Junius Peabody began his exploration of this cheerful region by falling on his face in a gully and bruising his nose very grievously. He found no trail to guide him up the slope. It was pitted like slag, deceitful as old honeycomb. The footing crumbled; tempting beds of moss and fern slipped away at his clutch; twisting lianas caught his ankles and sent him asprawl. The very ground seemed armed against him with a malignant life of its own. He had to creep among jagged teeth that sliced his flimsy garments and his putty-soft flesh. And when a loosened mass slid gently over at a touch and caught and crushed an arm he scarcely wondered whether any personal power had directed. It was all the same.


For a long time he lay looking at his pulped fingers and the driven drops of blood from the quick of his nails, sensing the exquisite pain almost as a luxury, hugging it to him. But at length he stirred and began to wriggle forward again.

"If I'm going to die anyway," said Junius Peabody, "I'm going to die doing this." Which was an extraordinary remark on all accounts....

And so by dint of following something and still following with unlimited purpose over a limited terrain, he ran it down in the end and came to the hiding place he sought.

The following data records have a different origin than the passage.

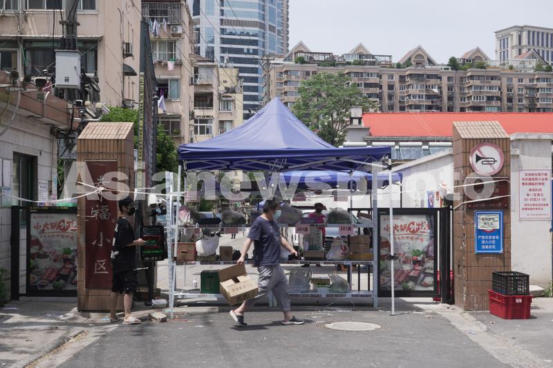 5月18日,上海市幸福路上的幸福小区,被快递架封堵的小区大门
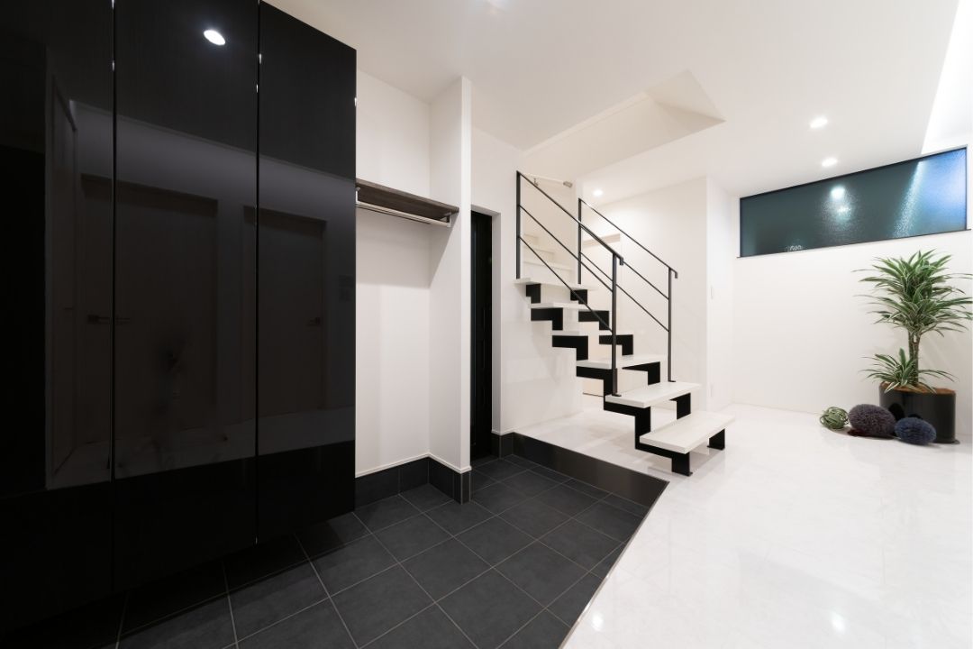 真っ白な鏡面仕上げの床がホテルのような高級感ある住まい。
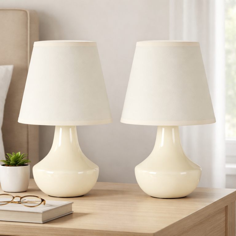 Add instant warmth and elegance to your home with this beautiful matching set of two cream ceramic table lamps. Featuring a glossy pear-shaped base and classic neutral shade, these lamps are perfect for bedside tables, living rooms, hallways or styli
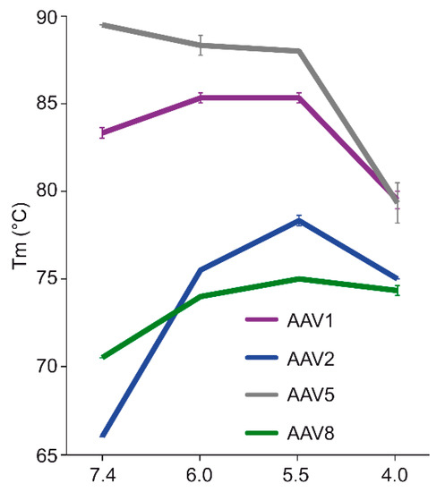 The comparative analysis of AAV1, AAV2, AAV5, and AAV8 confirmed differences in their thermostability, with AAV5 being 20 °C more stable than AAV2 (Figure 9), as previously reported [34,35]. Despite the large range of Tm values for the four serotypes at physiological pH, with the exception of AAV5, acidification reminiscent of the early and late endosomes increased stability, while lysosomal pH conditions decreased the stability below that at pH 7.4 for AAV1 (Figure 9). For AAV2 and AAV8, stability was lowest at pH 7.4. The commonality in stability trend as pH drops suggests that the dynamics associated with trafficking through the endosome is the same for AAV1, AAV2, and AAV8, and suggests a conserved mechanism for VP1u externalization and/or readiness for uncoating. AAV5 is the only serotype analyzed to date which showed a continuous decrease in stability with acidification (Figure 9). This observation was recapitulated with differential scanning calorimetry (DSC, data not shown). AAV5 is also the most thermally stable serotype [35] tested to date. AAV5 has been shown to utilize multiple cellular entry pathways. Thus, its enhanced stability and difference in pH stability profile may be important for trafficking through an alternative pathway. Changing pH alters the protonation state of amino acids, which could alter the interactions between residues or induce conformational changes. Such changes could confer altered stability. For AAV8, structures determined under endo/lysosomal conditions provided information on side-chain conformational changes within and between monomers associated with altered protonation states, including histidines [6]. These changes in interacting residues could influence thermostability.
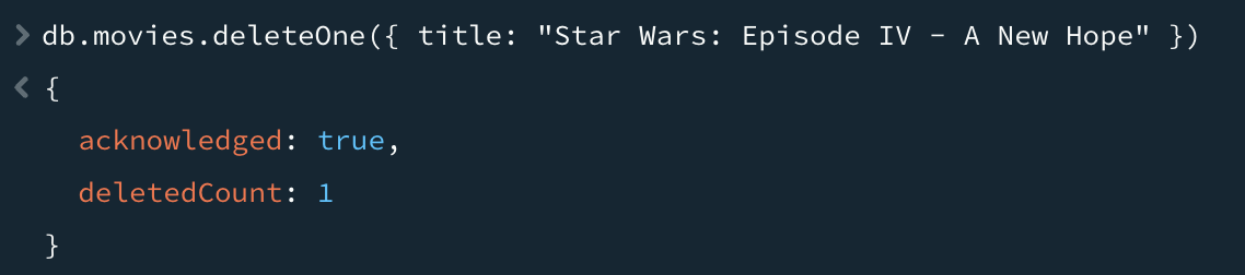 데이터베이스에 있는 데이터를 삭제하기 위해서는 deleteOne과 deleteMany를 제공한다. 두 메서드 모두 필터 도큐먼트를 첫 번째 매개변수로 사용한다. 예를 들어, 방금 생성한 영화 도큐먼트를 삭제하려고 할 때 필터와 일치하는 모든 도큐먼트를 삭제하려면 deleteMany를 사용하면 된다.
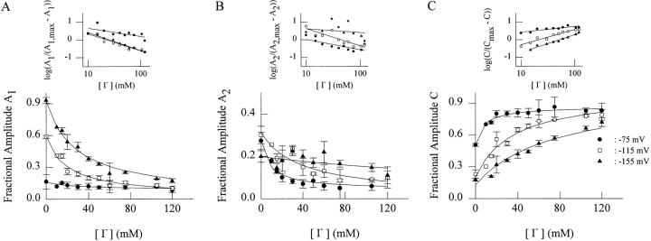 Figure 5. Relationship between extracellular I− concentration and fractional current amplitudes. Fractional current amplitudes were determined at three different test potentials (−75, −115, and −165 mV) as described in methods. Solid lines represent fitted hyperbola (see text) to the measured data. Each point represents mean ± SEM for at least three cells. (A) Fast deactivating fractional current amplitude, A1. (B) Slow deactivating fractional current amplitude, A2. (C) Nondeactivating fractional current amplitude, C. Insets show transformations of the data with fitted regression lines as described in results. Hill coefficients determined from the regression lines are as follows: A1: 0.47, 0.96, and 1.00; A2: 0.59, 0.98, and 0.22; C: 0.31, 0.86, and 0.99 for test potentials of −75, −115, and −155 mV, respectively. |
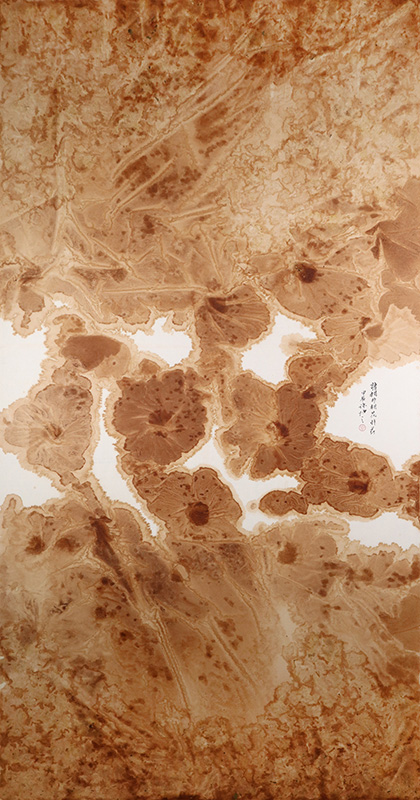 許悔之的「茶染系列」作品,是他多年以來對茶湯作為創作媒材的深刻實驗與內在回應。以茶代墨,他跳脫傳統水墨筆觸的線條敘事,轉而以染的方式,讓茶湯在紙上自然擴散、滲透、形塑,形成如波光微動般的抽象意象。茶染原料來自生物性的茶葉,色澤隨時間演變,作品本身便蘊含著歲月的痕跡與轉化的可能。這種創作方法也回應他少年時抄寫佛典的經驗,成為一種精神性的內觀實踐。
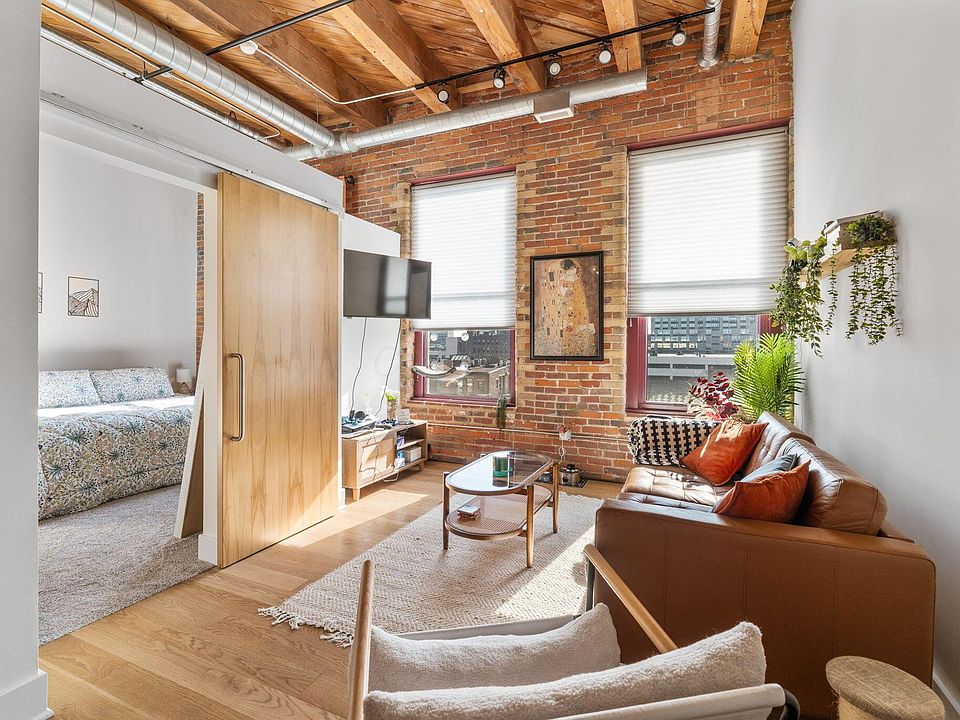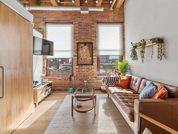 Inside, you'll find a bright, open layout with large windows that flood the space with natural light, highlighting the character and history of this landmark building. The kitchen offers modern appliances and ample storage, while the spacious bedroom and full bath provide comfort and privacy.
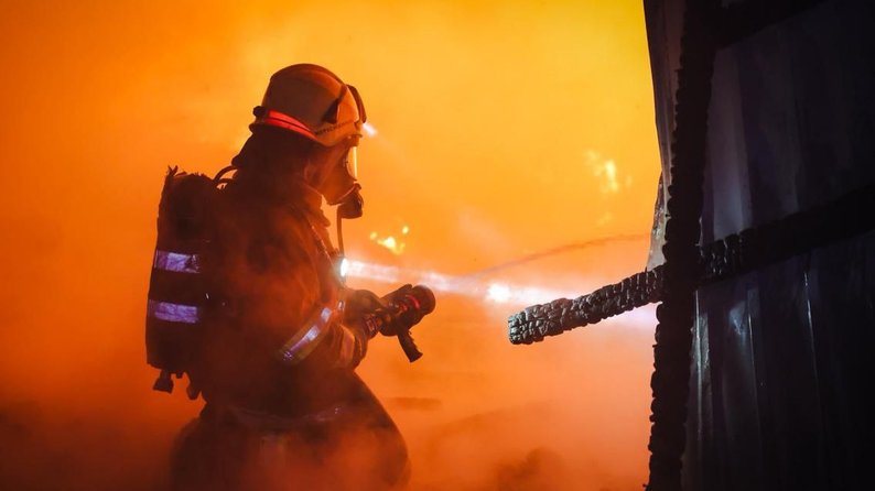 Рятувальник гасить пожежу, яка зайнялася на території приватного підприємства у Новобаварському районі Харкова, 8 грудня 2025 року. ДСНС Харківщини
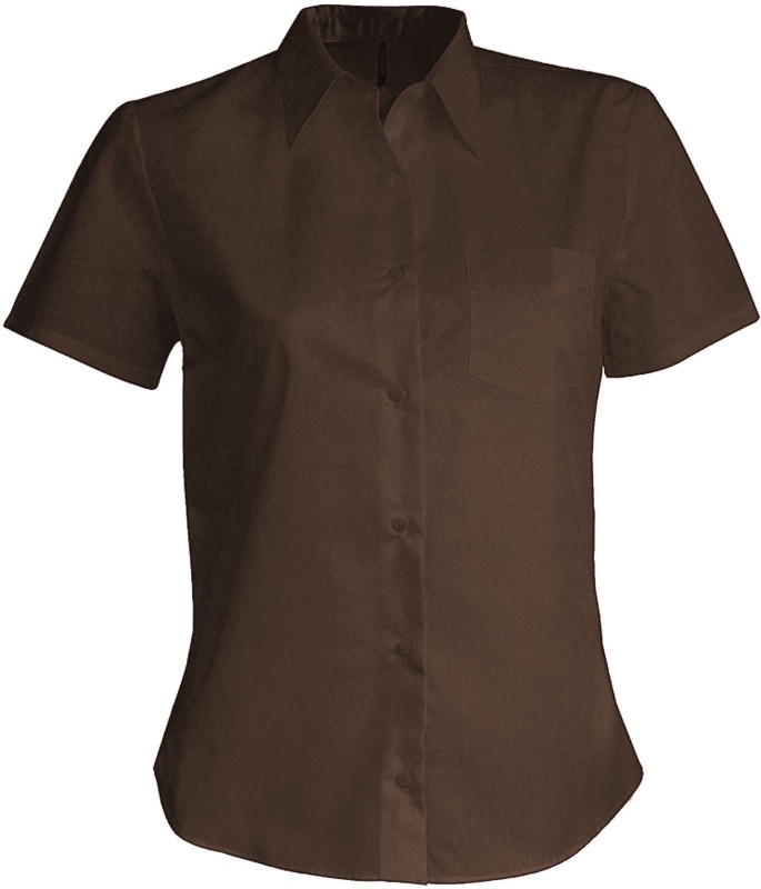Dámská košile, krátký rukáv, snadná údržba, nevystužený měkký límec, knoflíčky v barvě, 2 knoflíčky na stojáčku límce, přední a zadní záševky pro maximální komfort, 2 náhradní knoflíčky, tvarovaný spodní lem, 70% bavlna, 30% polyester, 135 g/m2.
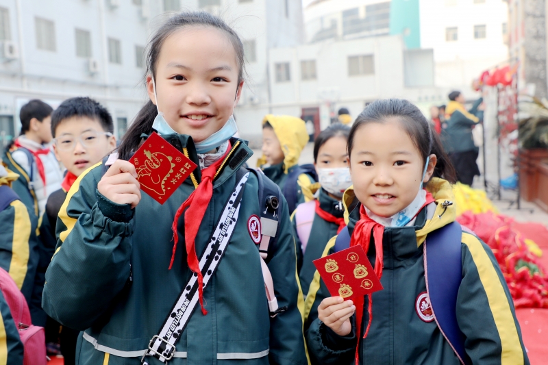 盲盒傳(chuan) 遞吉祥,孩子們(men) 滿懷期待抽取的盲盒中是學校對孩子們(men) 最真摯的龍年祝福語,期望每一位學生在新學期:做一條愛學習(xi) ,博學多才的“博學龍”;心態好,陽光快樂(le) 的“快樂(le) 龍”;重安全,遵守規則的“安全龍”;有愛心,心有他人的“仁愛龍”;愛運動,身壯體(ti) 健的“棒棒龍”,做一個(ge) 博文約禮、陽光向上的“全能龍”。
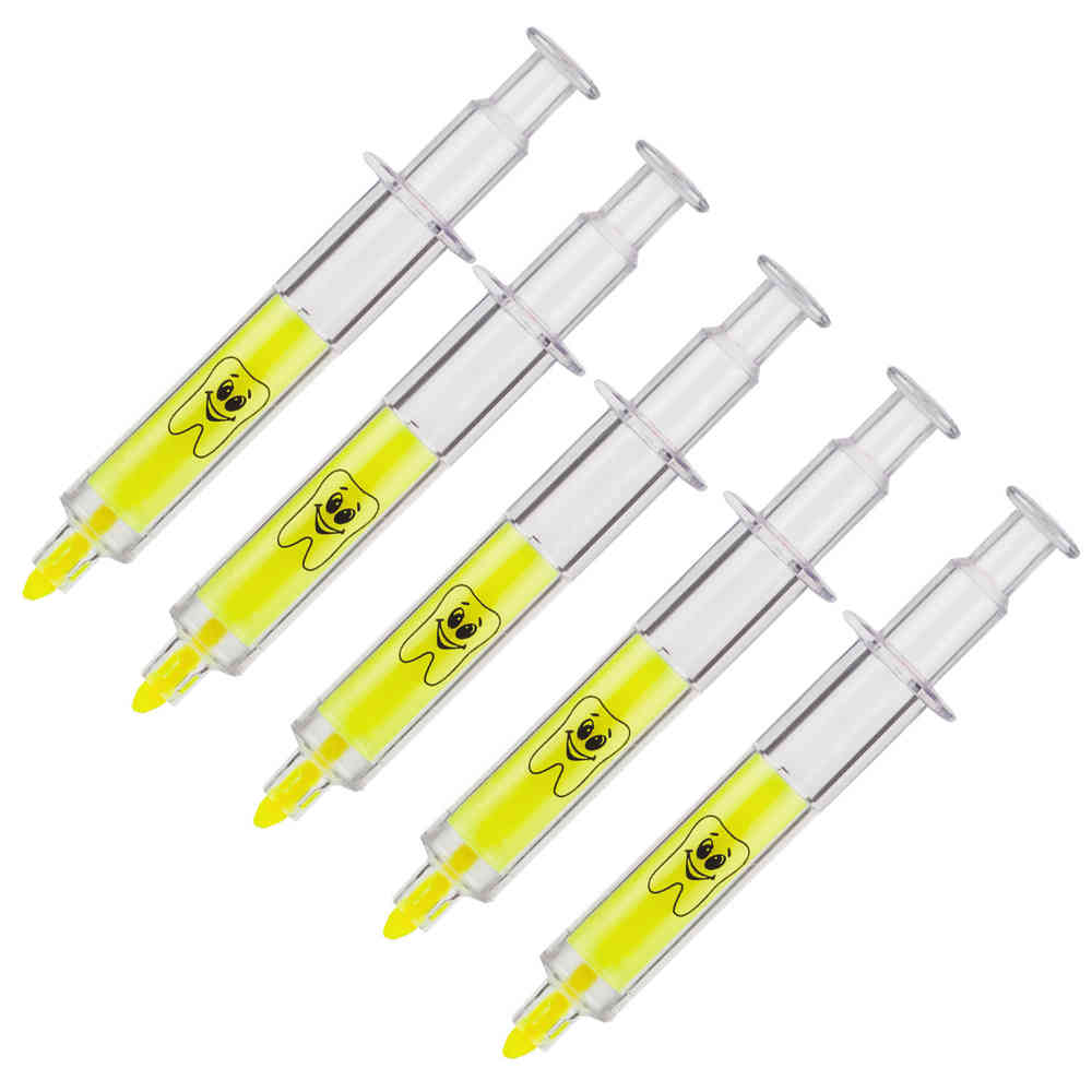 Die 24 Textmarker in Spritzenform mit freundlichem Zahnaufdruck machen Lernen & Markieren zum Erlebnis. Sie bringen Farbe auf jedes Blatt und eignen sich somit perfekt für Schule und Hausaufgaben. Die perfekte Motivationshilfe für kleine Heldinnen und Helden nach dem Zahnarztbesuch
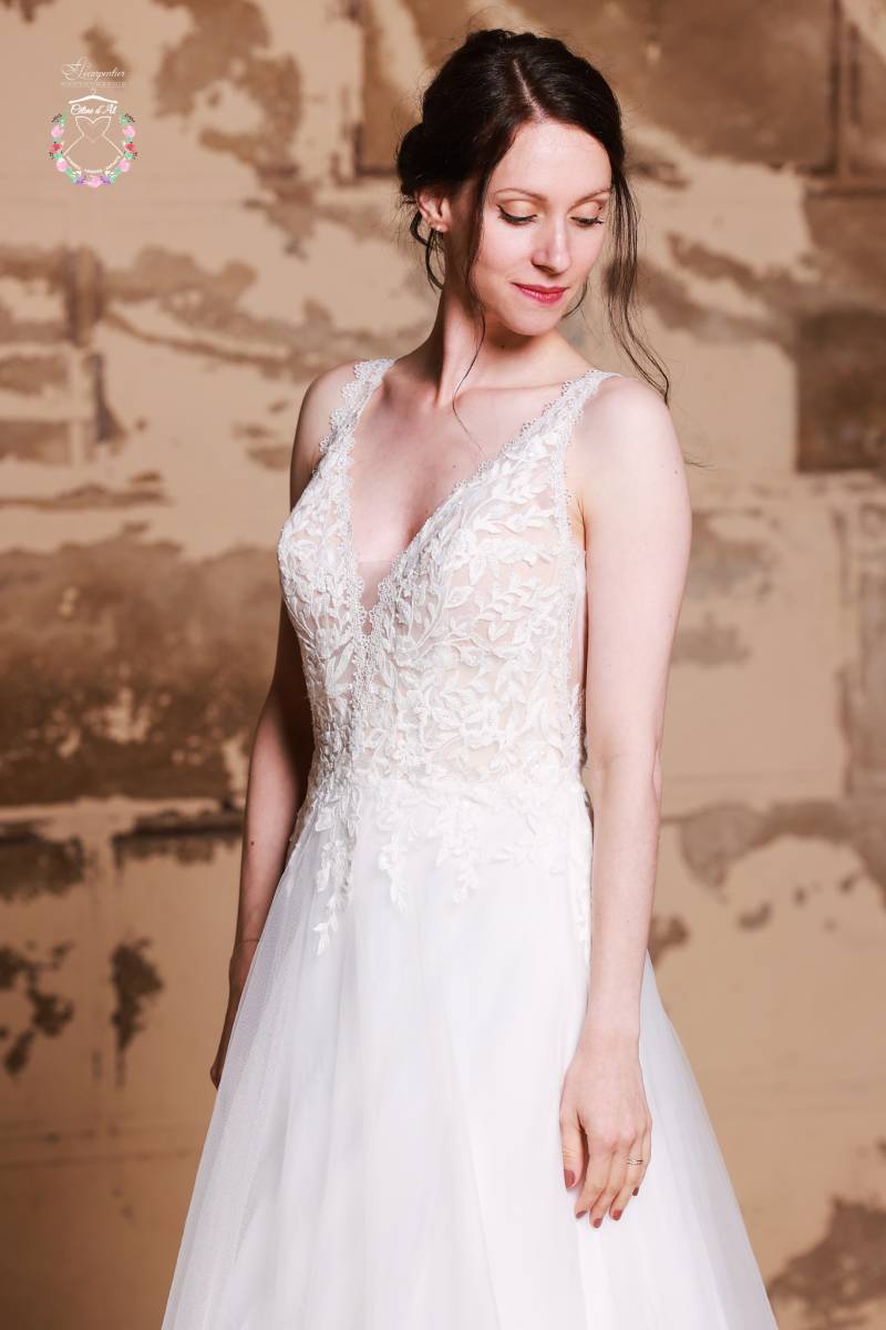 Le modèle Brunella est une robe de mariée à la coupe trapèze et de style champêtre.

A rooted instinct of the potentially criminal, which prompts them to be ready to flee though no man pursueth, had moved the beachcombers of Fufuti long since to prepare their snug retreat in the heart of the Rocks. On the inward shore of the promontory they had found a level bit of shelf screened by lush vegetation, with the green-stained cliff for wall and the sapphire waters of the lagoon below for forecourt. Hither they repaired in the intervals of lesser lawbreaking and free entertainment, always secure of hearth and shelter where the broad pandanus spread its shingles. And hither, straight as merry men to their shaw, they had brought the great treasure of the morning.

A truly homelike scene was that on which Junius Peabody peered from ambush above....

From the convenient branch of a tree the Sydney Duck had suspended by its middle a single stout stick. At one end of the stick he had slung the stolen lump in a fiber net. At the other he had attached a battered tin can of the kind that the beneficent enterprise of an American oil company had spread to most of the dark parts of the earth. On this balance of an ancient and primitive design he was engaged in weighing his ill-gotten gains, squatting to the task.

"A gallon of water weighs a good eight pound," he declared. "I figger five quarts an' a 'arf. And five is ten and the 'arf is one—"

Willems stood beside him in an attitude of stolid skepticism. There was no mistaking the breed of this big derelict. He had managed to assert it on a Pacific isle by fashioning himself somehow a pipe with a clay bowl and a long stem of the true drooping line. He looked quite domestic and almost paternal as he shuffled his broad feet and towered over the little larrikin. But the fists he carried in the pockets of his dungarees bulged like coconuts, and his hairy arms were looped brown cables. A tough man for an argument was Mynheer Willems.